• [INSTRUCTIONS FOR THE TASK]
Print, word for word, every line from the beginning of the listing up to and including the line with "Este poster de". Pictures are to be excluded.

• [EXERCISE DATA]

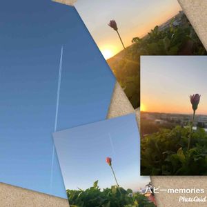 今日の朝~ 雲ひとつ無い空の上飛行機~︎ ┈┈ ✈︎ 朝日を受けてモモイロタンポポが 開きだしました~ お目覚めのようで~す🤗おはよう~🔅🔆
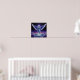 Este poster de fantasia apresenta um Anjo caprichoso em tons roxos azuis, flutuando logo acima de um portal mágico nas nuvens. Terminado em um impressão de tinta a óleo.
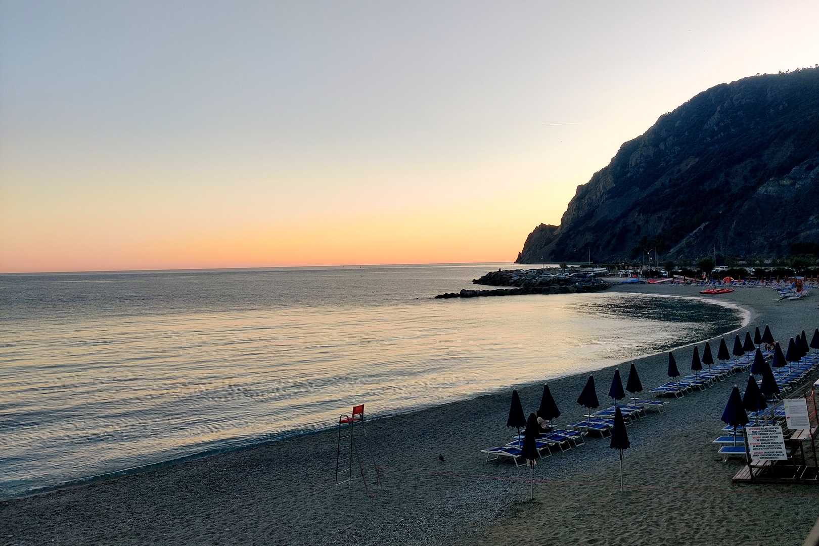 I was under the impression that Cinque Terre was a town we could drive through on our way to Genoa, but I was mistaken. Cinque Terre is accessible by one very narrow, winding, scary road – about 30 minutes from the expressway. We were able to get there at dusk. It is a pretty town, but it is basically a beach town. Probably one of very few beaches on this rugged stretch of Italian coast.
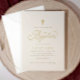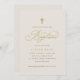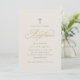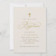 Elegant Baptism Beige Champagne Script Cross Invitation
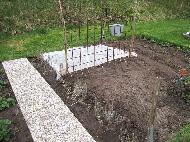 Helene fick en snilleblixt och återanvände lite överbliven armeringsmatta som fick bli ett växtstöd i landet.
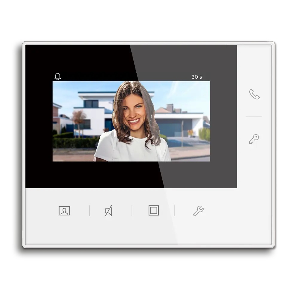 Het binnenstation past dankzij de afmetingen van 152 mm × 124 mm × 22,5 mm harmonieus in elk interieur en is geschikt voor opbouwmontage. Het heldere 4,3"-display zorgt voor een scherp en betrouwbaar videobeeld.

• [OUTPUT OF THE EXERCISE]
 今日の朝~ 雲ひとつ無い空の上飛行機~︎ ┈┈ ✈︎ 朝日を受けてモモイロタンポポが 開きだしました~ お目覚めのようで~す🤗おはよう~🔅🔆
 Este poster de fantasia apresenta um Anjo caprichoso em tons roxos azuis, flutuando logo acima de um portal mágico nas nuvens. Terminado em um impressão de tinta a óleo.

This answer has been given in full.